Treat Your Horse
By Don Blazer
If you think you get tired of Hamburger Helper, just think how tired a horse gets of hay. A little appetizer a half-hour before mealtime can really perk him up. (Of course you should try to determine why the horse is a poor eater and correct the problem. It may just be the monotonous diet, but it could be nerves, stress, teeth, poor health or a lack of exercise.)
Now for that special meal.
Roots bring toots of happiness as a first course.
Carrots are the basic root. Add some parsnips, rutabagas, turnips, potatoes or sugar beets in small amounts and you’ve got a really delicious beginning. When preparing the roots, be sure they are cut finely enough to keep the horse from choking.
If roots aren’t your horse’s thing, how about a special relish?
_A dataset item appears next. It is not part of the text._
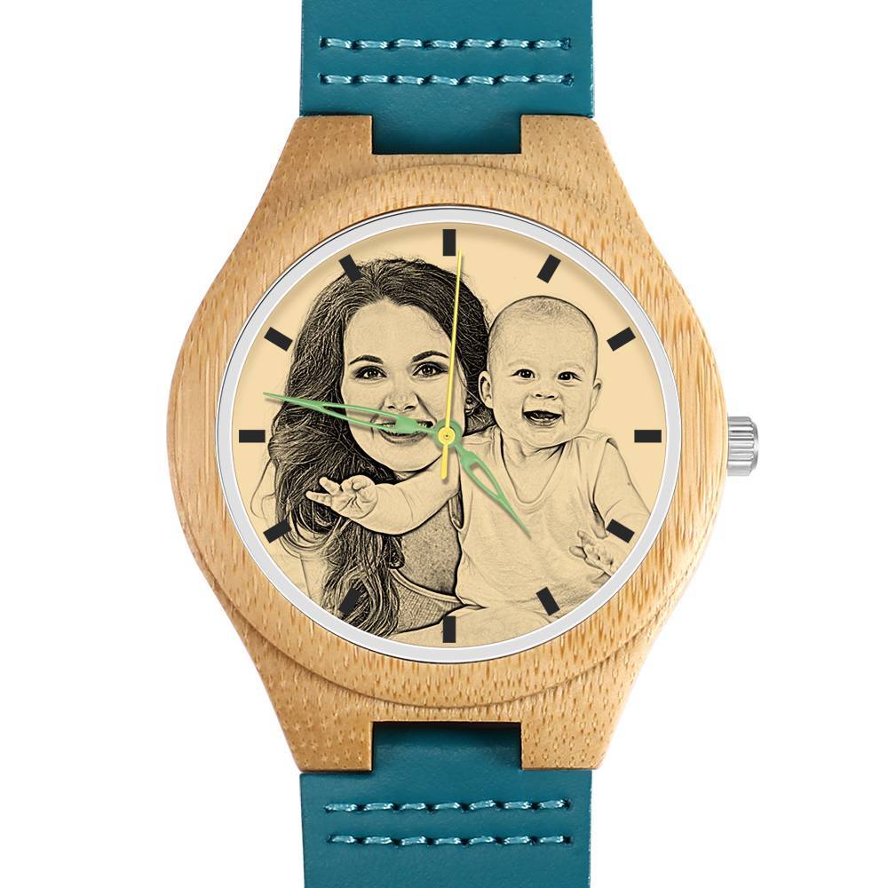 40% DTO.Mujer Reloj Grabable de Madera con Foto con Pulsera de Cuero Azul - Bambú -

Pumpkins, squash and melons sliced and in small amounts are excellent. And don’t worry about the seeds. When fed in small amounts the seeds are not harmful to horses. Such fruits contain only six to 10 per cent dry matter, so the nutritional value is low. Therefore the horse still needs plenty of hay as a main course.
Entrée: hay and grass. Maybe a special hay (in very small amounts) for the day. Again, don’t overdo it; changing hay abruptly can cause colic. If your horse doesn’t normally get grain, then he will certainly enjoy a small amount to make the meal sumptuous.
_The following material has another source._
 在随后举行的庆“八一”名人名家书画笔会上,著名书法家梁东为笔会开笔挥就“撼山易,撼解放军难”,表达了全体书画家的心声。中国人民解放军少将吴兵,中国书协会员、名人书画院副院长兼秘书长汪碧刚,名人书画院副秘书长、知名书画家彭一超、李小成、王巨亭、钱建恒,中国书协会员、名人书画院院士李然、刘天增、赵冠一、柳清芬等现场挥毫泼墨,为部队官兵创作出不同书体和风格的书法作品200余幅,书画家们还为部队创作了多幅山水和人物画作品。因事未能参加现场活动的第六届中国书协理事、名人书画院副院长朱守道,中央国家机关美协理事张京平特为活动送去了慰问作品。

If you want to add a tantalizing sauce, just pour some honey or molasses on the hay…or sprinkle the hay with sugar.
Desserts are special to everyone, including your horse.
But keep desserts small. An apple a day is a good guiding rule. But on special occasions throw in a plum, a pear, a peach or a nectarine. Be sure to pit the fruit prior to serving.
And when the special meal is over, your horse will want an after dinner mint. I’ve been told that POLOS (English mints) are the best, but I think a peppermint Life Saver will probably suffice.
One mint is good for me….but I haven’t found a horse that is satisfied with less than three.